Engagement with learning activities may very well be the most important leading indicator of student success. Using big data, institutions can monitor how often students interact with learning content, participate in online discussions, or complete assignments. Each type of behavioural pattern can be a proxy for engagement, a factor in academic performance. For instance, students who frequently engage with digital learning platforms tend to achieve better scores in assessments (which is likely a factor of increased engagement) than those who do not. Using data, institutions can quickly identify that some students are at risk of academic failure, and provide support so that they can avoid missing classes, falling behind with coursework, or failing an assessment. While there are relatively simple patterns to anticipate academic success and failure, learning analytics can also reveal periodic changes in engagement. Institutional data can show fluctuations in student performance over time, with particular times in the semester where students are most likely to experience difficulties. Institutions can use this information to adapt content and teaching methodologies to re-engage them with their learning, so that they can achieve better outcomes [5]. The information in Table 1 is based on a study undertaken by the Educational Analytics Research Group (2023) [6], which established the relationship between students’ engagement and academic performance in various higher education institutions with online learning via multiple platforms. In the study, researchers monitored students’ behaviours, including how they interacted with course materials, discussion boards and their assignment details, over one semester, to explore the impact on their overall academic outcomes.

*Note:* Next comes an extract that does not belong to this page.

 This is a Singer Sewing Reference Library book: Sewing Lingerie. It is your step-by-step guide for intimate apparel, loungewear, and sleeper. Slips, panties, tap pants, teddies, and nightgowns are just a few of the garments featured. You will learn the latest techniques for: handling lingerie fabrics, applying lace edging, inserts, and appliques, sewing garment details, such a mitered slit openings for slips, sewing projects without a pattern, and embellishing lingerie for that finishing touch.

Table 1: Student Engagement and Performance

Student_ID

Interactions_with_Course_Material

Online_Discussion_Participation

Assignments_Completed

Overall_Engagement_Score

Assessment_Score

S001

120

15

10

145

85

S002

45

5

6

56

50

S003

98

10

8

108

75

S004

150

18

10

168

90

S005

30

3

5

38

45

3.2. Monitoring Performance Metrics

Exam scores, grades on assignments, and other performance metrics are immediate indicators of progress in learning. Learning analytics can help to track these frequently, detecting which students are falling behind, and alerting instructors to give additional support. If early test results for a student in a particular class suggest poorer performance than usual, predictive models can warn instructors or alert him to give extra resources or seek a tutor [7]. Patterns found in performance data on large numbers of students can offer insights into how best to intervene to address specific learning weaknesses. Performance metrics are also a basis for forecasting longer-term outcomes. Given performance on some tests, instructors can predict whether a student is likely to pass or fail a course. This can inform the design of a ‘learning plan’ tailored to the unique needs of the student.

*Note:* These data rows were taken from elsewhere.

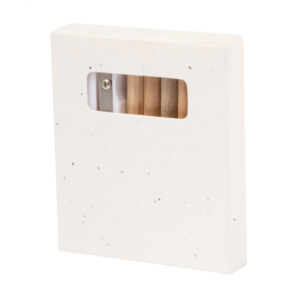 What makes this coloring set environmentally friendly? The Selanis set features wooden pencils and a box made from seed paper containing petunia seeds that can be planted after use.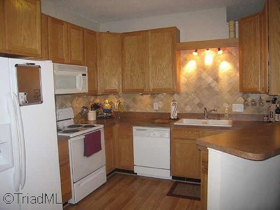 Immaculate upper-level 2BR/2BA condo. Beautiful laminate wood-style floors, vaulted & 9' ceilings, open floor plan, stone fireplace w/gas logs and window seating where tons of natural light pours in! The kitchen with tile backplash overlooks the living and dining areas for great entertaining! The master bedroom leads to an outside screened porch with a storage room. Convenient location to shopping, GSO Country Park, and the Urban Loop for easy commuting. This is a must-see you don't want to miss!
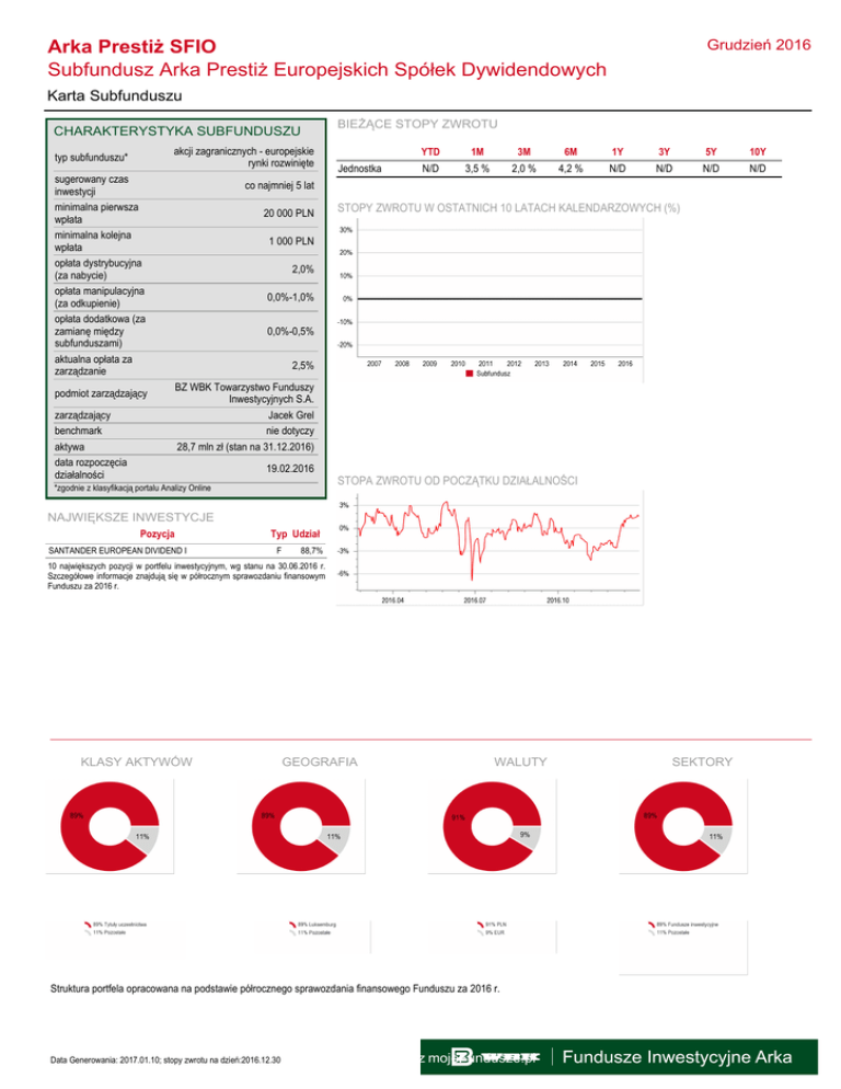 Grudzień 2016 Arka Prestiż SFIO Subfundusz Arka Prestiż Europejskich Spółek Dywidendowych Karta Subfunduszu CHARAKTERYSTYKA SUBFUNDUSZU akcji zagranicznych - europejskie rynki rozwinięte typ subfunduszu* sugerowany czas inwestycji minimalna pierwsza wpłata minimalna kolejna wpłata opłata dystrybucyjna (za nabycie) opłata manipulacyjna (za odkupienie) opłata dodatkowa (za zamianę między subfunduszami) aktualna opłata za zarządzanie podmiot zarządzający zarządzający benchmark aktywa data rozpoczęcia działalności BIEŻĄCE STOPY ZWROTU Jednostka YTD 1M 3M 6M 1Y 3Y 5Y 10Y N/D 3,5 % 2,0 % 4,2 % N/D N/D N/D N/D co najmniej 5 lat 20 000 PLN STOPY ZWROTU W OSTATNICH 10 LATACH KALENDARZOWYCH (%) 1 000 PLN 2,0% 0,0%-1,0% 0,0%-0,5% 2,5% BZ WBK Towarzystwo Funduszy Inwestycyjnych S.A. Jacek Grel nie dotyczy 28,7 mln zł (stan na 31.12.2016) 19.02.2016 *zgodnie z klasyfikacją portalu Analizy Online STOPA ZWROTU OD POCZĄTKU DZIAŁALNOŚCI NAJWIĘKSZE INWESTYCJE Pozycja SANTANDER EUROPEAN DIVIDEND I Typ Udział F 88,7% 10 największych pozycji w portfelu inwestycyjnym, wg stanu na 30.06.2016 r. Szczegółowe informacje znajdują się w półrocznym sprawozdaniu finansowym Funduszu za 2016 r. KLASY AKTYWÓW GEOGRAFIA WALUTY Struktura portfela opracowana na podstawie półrocznego sprawozdania finansowego Funduszu za 2016 r. Data Generowania: 2017.01.10; stopy zwrotu na dzień:2016.12.30 Dokument pobrano z mojeFundusze.pl SEKTORY ZASADY POLITYKI INWESTYCYJNEJ n n n ZARZĄDZAJĄCY subfundusz inwestuje do 100% wartości Aktywów subfunduszu w tytuły uczestnictwa subfunduszu Santander European Dividend wydzielonego w ramach Santander société d'investissement à capital variable („SICAV”) otwartego funduszu inwestycyjnego o zmiennym kapitale z siedzibą w Luksemburgu, który inwestuje większość swoich aktywów w akcje emitowane przez spółki z wysokorozwiniętych krajów Europy wypłacające wysokie dywidendy subfundusz może lokować max. 30% aktywów w dłużne papiery wartościowe i instrumenty rynku pieniężnego emitowane przez Skarb Państwa i Narodowy Bank Polski intencją zarządzającego jest utrzymanie stałego, wysokiego zaangażowania w tytuły uczestnictwa subfunduszu Santander European Dividend wydzielonego w ramach Santander SICAV Jacek Grel ukończył studia na wydziale ekonomicznym Uniwersytetu Opolskiego, specjalność: zarządzanie i organizacja przedsiębiorstw. Dodatkowo uzyskał również dyplom z makroekonomii w ramach Central European University. W latach 2004-2008 zdobywał doświadczenie w bankach inwestycyjnych w Londynie (m.in. Morgan Stanley i Deutsche Bank) oraz w funduszu hedgingowym. W lipcu 2008 r. rozpoczął pracę w firmie na stanowisku analityka. W lipcu 2009 r. objął stanowisko młodszego zarządzającego. W kwietniu 2010 r. objął stanowisko zarządzającego funduszami. Od października 2014 jest kierownikiem ds. alokacji aktywów. Jest posiadaczem prestiżowego tytułu CFA (Chartered Financial Analyst), przyznawanego przez CFA Institute. Proces inwestycyjny w BZWBK TFI opiera się on zarówno na kompetencjach Komitetu Inwestycyjnego jak i zarządzających poszczególnymi subfunduszami. Komitet Inwestycyjny, w skład którego wchodzą wszyscy zarządzający, akceptuje instrumenty finansowe, które mogą znajdować się portfelach subfunduszy oraz podejmuje decyzje kierunkowe dotyczące zarządzanych portfeli. Zarządzający subfunduszami podejmują decyzje inwestycyjne dotyczące docelowych udziałów poszczególnych instrumentów finansowych w portfelu. INFORMACJA O TFI BZ WBK Towarzystwo Funduszy Inwestycyjnych S.A. to jedno z największych i najbardziej doświadczonych TFI działających na polskim rynku. Działamy na rynku od 1998 roku, zarządzając cieszącymi się uznaniem Klientów i ekspertów Funduszami Inwestycyjnymi Arka. Powierzone przez naszych Klientów środki lokujemy, w zależności od wybranego funduszu i subfunduszu, w instrumenty rynku kapitałowego i finansowego: akcje, obligacje, instrumenty pieniężne. Informacje kontaktowe: BZ WBK TFI S.A. www.arka.pl pl. Wolności 16 email: [email protected] 61-739 Poznań tel. 801 123 801 OBJAŚNIENIA DOTYCZĄCE POJĘĆ I SKRÓTÓW UŻYTYCH W DOKUMENCIE W kolumnie Typ w tabeli „Największe inwestycje” wskazany jest typ, do jakiego zalicza się dana pozycja; wartości w tej kolumnie oznaczają odpowiednio: U – papiery udziałowe: akcje i instrumenty o podobnym charakterze, np. kwity depozytowe, prawa do akcji itd. D – papiery dłużne: obligacje, listy zastawne i certyfikaty depozytowe F – certyfikaty inwestycyjne i tytuły uczestnictwa funduszy inwestycyjnych P – pozostałe Benchmark – punkt odniesienia dla oceny stóp zwrotu danego subfunduszu, biorący pod uwagę specyfikę jego polityki inwestycyjnej. Benchmarkiem dla funduszu akcji inwestującego na polskiej giełdzie może być np. indeks WIG, a dla funduszu rynku pieniężnego – rentowność bonów skarbowych. Benchmarki mogą być konstruowane w oparciu o wiele wskaźników jednocześnie, na przykład gdy fundusz inwestuje na wielu rynkach. WAŻNE INFORMACJE Prezentowane wyniki (stopy zwrotu) Arka Prestiż Akcji Polskich są danymi historycznymi i nie stanowią gwarancji uzyskania podobnych wyników w przyszłości. Wyniki te nie uwzględniają ewentualnego opodatkowania Uczestników oraz ponoszonych przez nich opłat z tytułu zbycia i odkupienia jednostek przez subfundusz. Materiał jest prezentowany w celach informacyjnych i nie powinien być wyłączną podstawą podejmowania decyzji inwestycyjnych. Wartość aktywów netto Arka Prestiż Akcji Polskich charakteryzuje się dużą zmiennością ze względu na skład portfela inwestycyjnego subfunduszu. Dane finansowe subfunduszu i szczegółowy opis czynników ryzyka znajduje się w Prospekcie Informacyjnym Funduszu Arka Prestiż SFIO. Przed dokonaniem inwestycji w subfundusz należy zapoznać się z Prospektem Informacyjnym dostępnym na stronie

3.3. Identifying At-Risk Students

Notably, one of the most pertinent benefits of learning analytics is the ability for institutions to identify at-risk students through predictive models that analyse a combination of behavioural (including attendance, submission, class participation, overall performance etc.) and performance data that can detect early warning signs of academic risks long before they grow in criticality. The Table 2 shows some common risk factors include irregular attendance, late submissions and poor participation in classroom activities [8]. As soon these patterns are identified, institutions can initiate personalised interventions through formal or informal meetings, additional tutoring or adjustment of the syllabus to re-engage at-risk students before they dropout. We have seen many institutions with effective learning analytics systems implemented notice a reduction in dropout rates. An example is the Table 2, which presents the longitudinal study results conducted by the Institute of Learning Analytics and Educational Research (2022) [9]. Their study tracked student attendance, submission class participation through multiple institutions to identify early warning signs of academic risks and also the impact of a number of interventions such as tutoring and one-on-one meetings conducted to help retain the students and improve student success rate.

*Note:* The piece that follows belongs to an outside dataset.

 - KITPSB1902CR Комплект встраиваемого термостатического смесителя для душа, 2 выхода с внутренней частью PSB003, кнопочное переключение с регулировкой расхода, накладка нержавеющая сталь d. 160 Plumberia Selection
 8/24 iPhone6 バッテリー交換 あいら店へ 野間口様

Table 2: At-Risk Student Data and Interventions

Student_ID

Attendance_Percentage

Late_Submissions

Class_Participation_Score

Identified_As_At_Risk

Intervention_Offered

S101

70

3

6

Yes

Tutoring

S102

50

7

3

Yes

One-on-One Meeting

S103

95

0

9

No

None

S104

65

5

5

Yes

Tutoring

S105

40

8

2

Yes

One-on-One Meeting

4. Personalized Educational Strategies

4.1. Tailoring Content Delivery

One of the primary benefits of learning analytics is that it enables educators to deliver different content to different students based on their needs or preferences. This is achieved by examining student interaction data to determine what kind of materials (video, simulation, text, etc) individual students respond to. For some, video-based instruction may prove to be the most effective; for others, simulations or text-based materials may be a better fit. In this way, they can continue to deliver content to meet the needs of different users. Importantly, learning analytics allows educators to provide the appropriate level of challenge to all students. For example, more advanced learners can be given more challenging materials while students who are having difficulty can receive content that reinforces the basic principles of what they are learning [10]. This personalisation, by creating better learner-content fit, is not only conducive to deeper learning, but also helps to create more inclusive learning environments that can meet a wider range of student needs. Table 1 demonstrates the varying effectiveness of different content types—video-based instruction, simulations, and text-based materials—across advanced, average, and struggling learners.

/word/media/image1.png

Figure 1: Effectiveness of Tailored Content Delivery by Student Groups

4.2. Adaptive Learning Pathways

Adaptive learning technologies continuously collect real-time data to modify the learning path in response to how a student is progressing. If a system is constantly monitoring a student’s performance and engagement, it has the ability to automatically modify the learning course as the student works through it, allowing it to provide individualised learning experiences. If a student is mastering a topic, the adaptive learning pathway may present more advanced materials. If a student is struggling, the pathway can present additional practice or review lessons [11]. Adaptive learning pathways dynamically adjust the level of difficulty so that it is always appropriate to the student’s level. With this approach, a student spends more time on the things they need to work on and less time on things they have already mastered. It is much more efficient and students learn material more effectively.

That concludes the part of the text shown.